With offers from Apple and Microsoft having been rejected by OLPC, the non-profit organisation set up to oversee the project, Red Hat is now working to develop an OS — probably a version of Fedora — to work with the stripped-down laptop that is charged up by way of a wind-up handle.
After reviewing several bids, OLPC announced in December that Quanta Computers would manufacture the laptop; and five companies along with Red Hat — Google, AMD, News Corporation, Nortel, and Brightstar, have committed $2m (£1m) each to fund the project.
Although a working prototype of the product was showcased at the World Summit on the Information Society in Tunis in November, 2005, Red Hat claims it is still working hard on the operating system, and on integration with the education software that will accompany it.
ZDNet UK sat down with Mike Evans, Red Hat's vice-president of corporate development, to find out how the work is progressing, and to learn about the company's wider hopes for a project which could put a Linux-based device in the hands of potential millions of children around the world.

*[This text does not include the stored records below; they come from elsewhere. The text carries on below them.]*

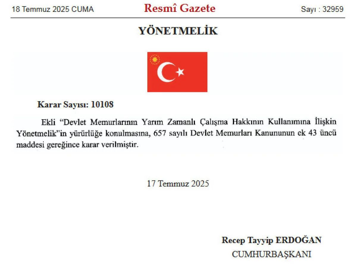 “Devlet Memurlarının Yarım Vakitli Çalışma Hakkının Kullanımına Ait Yönetmelik” Resmi Gazete’de yayımlanarak yürürlüğe girdi.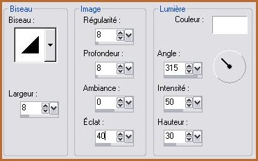 7 - Sélections/Contracter de 10 pixels **sélection/Inverser **Sélection/Flottante 8 - Effets/Effets 3D/Biseautage Intérieur :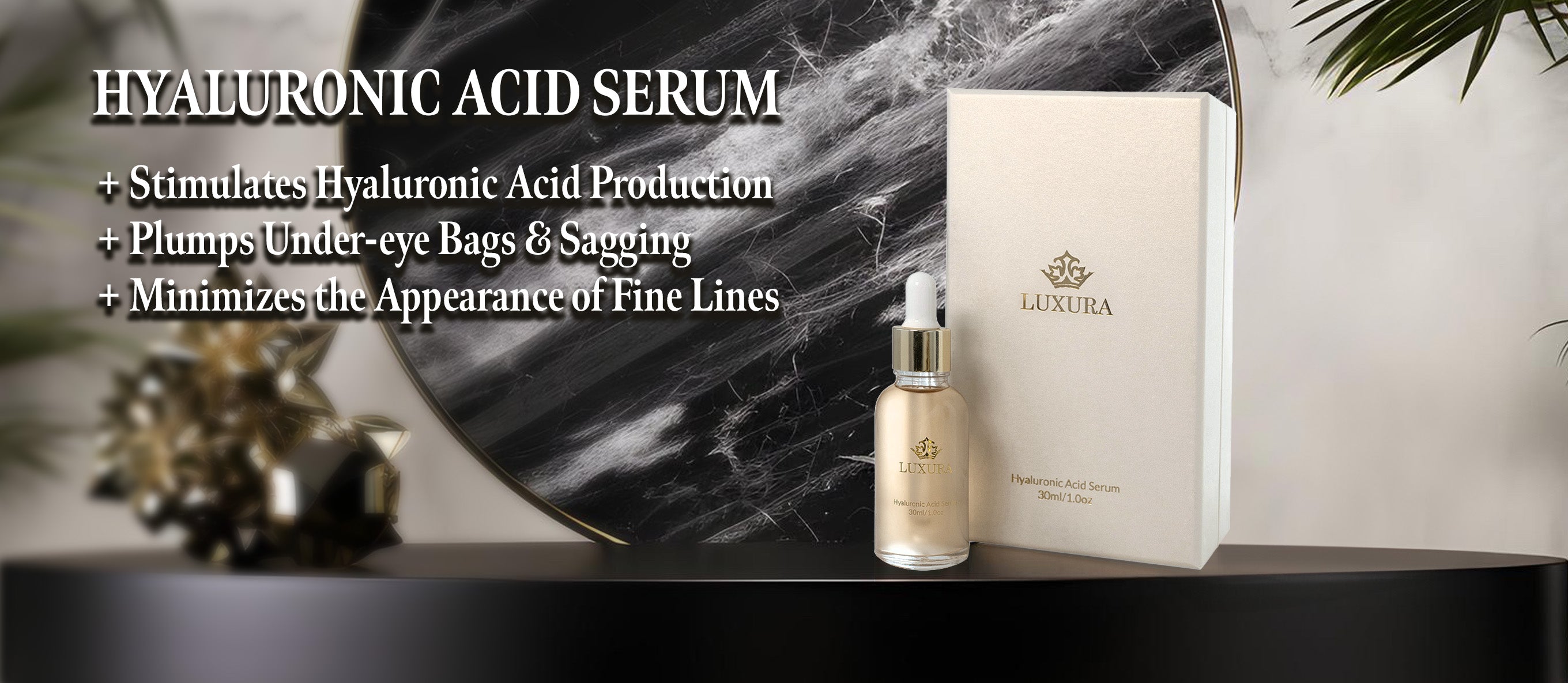 Embark on a journey of deep skin revitalization with LUXURA HYALURONIC ACID SERUM. A masterful blend of science and hydration, designed to deeply penetrate and quench your skin's deepest thirst, enriched with Collagen and high-potency Hyaluronic Acid.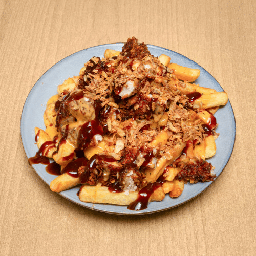 Base de frites avec nos morceaux de Tenders croustillants maison, sauce cheddar maison, sauce BBQ fumée Usa & oignons secs.
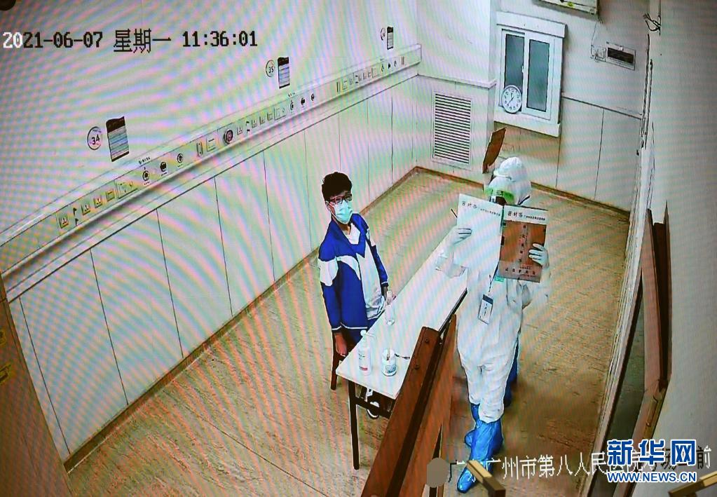 6月7日,廣東省國家教育考試指揮中心的監(jiān)控畫面顯示,上午語文考試結(jié)束后,廣州市八醫(yī)院嘉禾院區(qū)醫(yī)護人員對隔離病房考生的試卷、答題卡、稿紙等用品進行消毒后裝入試卷袋并向在醫(yī)院清潔區(qū)的視頻監(jiān)考員匯報。新華社記者 劉大偉 攝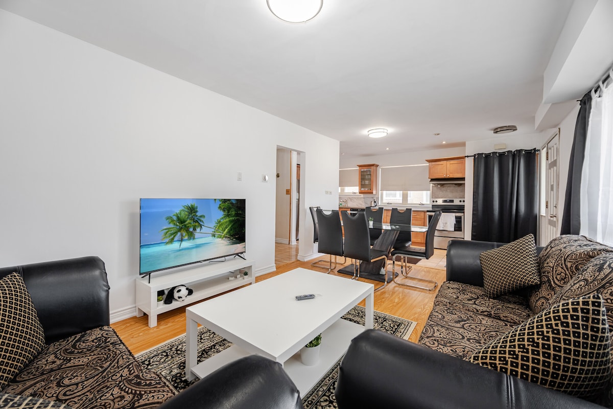 Tastefully decorated .cozy. luxurious 5 Km to Pearson Airport. 25 minutes to Union Station. downtown Toronto Lakeshore in Malton, Mississauga. Fully equipped kitchen large TV with Netflix etc. sleeps 4 -6, , One Car parking quiet neighborhood. . 3 Km to Malton GO Station, 10 min to International Centre. Toronto Congress Center. Woodbine Casino. Close to all Highways, Square One shopping mall. Well connected by public transport. Ride-sharing facilities in plenty.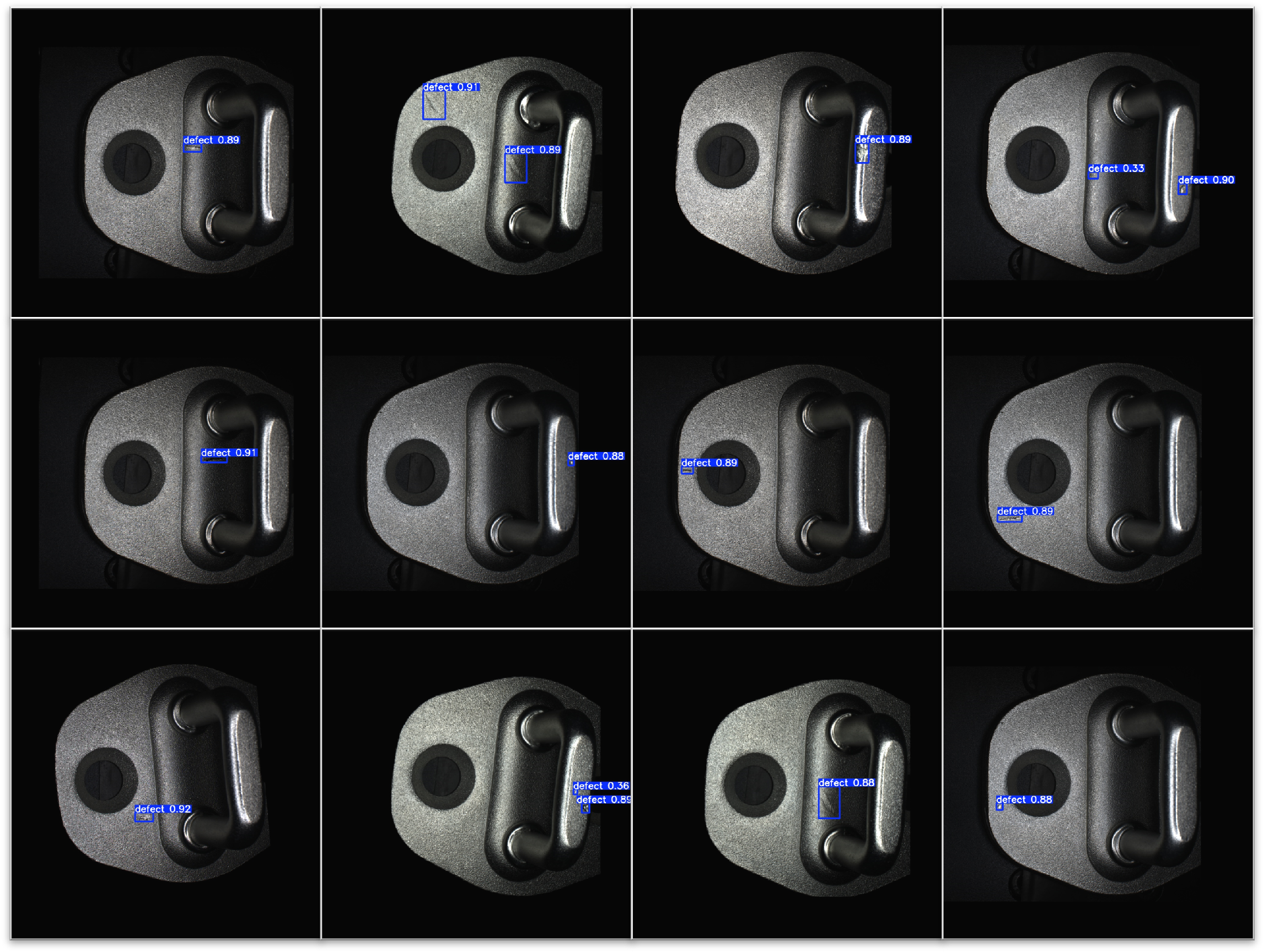 Although a smaller aperture reduces light throughput, controlled dome illumination and exposure compensation prevent excessive noise amplification. Consequently, the SNR remains sufficient for weak defect detection, as reflected by the stable mAP@50 and low false-positive rates achieved with the configuration.

So is the OLPC project progressing at the pace you imagined?
We
first started talking to Nicholas Negroponte in April 2005. We now have
people actually working onsite at MIT. The aim is to get million unit
commitments from a set number of governments and there are several
countries that we are having heavy discussions with right now. Since
the project was formally announced the amount of interest has been
astounding.
Some argue that the $100 target price is unrealistic, and that a
machine would already exist at or near this price through market
competition if it was possible?
There are existing models of
other technologies, whether it be Dell or Apple, but nothing on this
grand a scale, with this price point and with this academic and
historical horsepower behind it. The people at the MIT labs have
20-plus years of computer expertise. To me the timing is especially
interesting. If someone attempted to do this four years ago it wouldn't
have worked, but now I have seen that there is a real will among
developing countries to bring their people forward right now.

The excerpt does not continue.